The central character to the story, Billy, finds a kestrel chick and teaches himself how to raise and train it with the aid of a library book. He discovers a real passion which gives him an escape from the mundane reality of the rest of his life, and he finds that he is not as useless as his teachers and family keep telling him he is. Hines’ story has been used in school curriculums across the country and touches on many topics including bullying. His book was also made into an award-winning film in 1969 which was directed by Ken Loach and celebrates its 40th anniversary this year.

Kes begins a national tour at the Liverpool Playhouse before visiting Nottingham, Darlington, Edinburgh, Oxford, Bradford, Wolverhampton, and Cardiff.

When did you decide to go into acting and how did you go about it?
I first got into acting when I saw my older brother in a school production. I was eight and wanted to be exactly like him. The following year I was old enough to audition for Durrington Middle School’s summer musical. It was Bugsy Malone and I played Captain O’Dreary. I got spotted and asked to audition for Hancock, a television film. I didn’t get the job. I knew I wanted to go to drama school after A-levels, but whilst studying I performed in Creation with the National Youth Music Theatre and Watership Down at Regents Park as well as being involved on school productions.

When did you first come across Barry Hines’ novel Kestrel For A Knave?
I first saw the film of Kes years ago and then went on to read the book. We didn’t study Kestrel for A Knave at school, but I wish we had.

What is it about Billy Casper you and audiences can relate to most?
Billy Casper is a person who has dreams, even in a world with little or no opportunity. He finds pleasure in the free things in life, mainly nature and during this time of recession I think everyone can relate to that. He has an amazing free soul that almost everyone ignores and is judged for who he has been and not for who he is now.

What do you think it is about the story that makes it so enduringly popular?
It is well written and can be appreciated by all ages and generations. Stories of people achieving against the odds will always be popular, especially when everyone in their world is against them. Look at David and Goliath or Billy Elliot. However, there is a sad truth about Kestrel For A Knave, in that Billy Casper is never appreciated. As an audience member or reader you are willing Billy to succeed only to be met by a heart breaking end.

What can audiences expect from this production of Kes?
A highly original and honest stage production of Barry Hines’ novel. Whilst being on stage it is filmic in quality. It also boasts a wonderful cast including Daniel Casey and Katherine Dow Blyton.

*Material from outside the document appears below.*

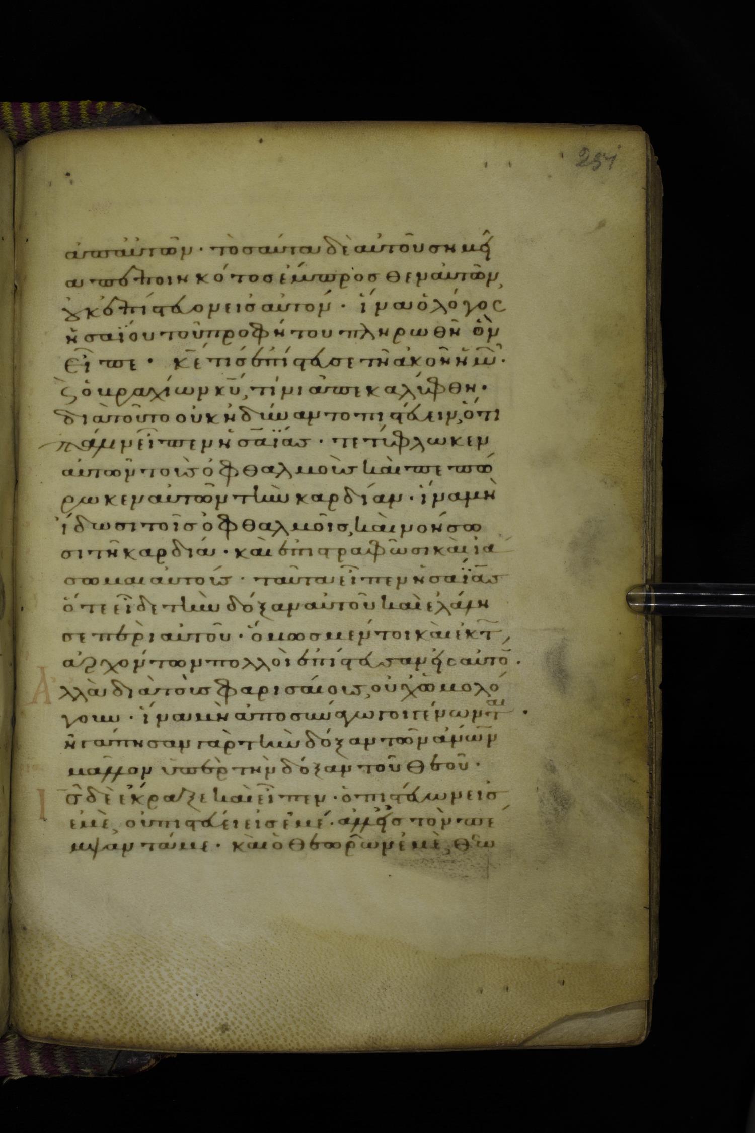 Fourteenth century minuscule (dated to 1321) of the Gospels on parchment; 290 leaves, 1 column, 21-23 lines per column. Images were taken at the National Library of Greece in Athens.

You recently performed alongside David Essex in All The Fun Of The Fair. What was that like and what’s your most enduring memory of the tour?
It’s the most fun I have ever had on tour. On and off stage the entire company enjoyed themselves. I made a lot of good friends on that job and we became like a family. David Essex is a great man to be around and a superb company leader, generous and giving both professionally and personally. I loved creating the role of Jonny; it is a role that will stay with me forever. My most enduring memory of All The Fun Of The Fair is laughing all the time and being happy to be at work.

What advice would you give to anybody thinking of becoming an actor?
Go for it but be realistic. Know what your strength and weakness’ are. Personally I think it’s wise to get an education while you can. Get involved in theatre locally and look into going to drama school. Go and watch as much theatre as you can and read plays.

Do you have any pre-show superstitions or routines at all and do you get nervous before going on stage?
I’m afraid not although I always like to listen to music whilst getting ready. As for nerves I occasionally get a cough that sounds like someone choking, but it soon passes.

What’s next for Stefan Butler?
I am in Syntax Era which will be coming out on BBC4 in October. After that and this tour I am planning to go on holiday.

Stefan Butler was speaking to Chris High

Kes opens at Liverpool Playhouse and runs from Friday September 18 until Saturday 10 October and is a co-production with The Touring Consortium.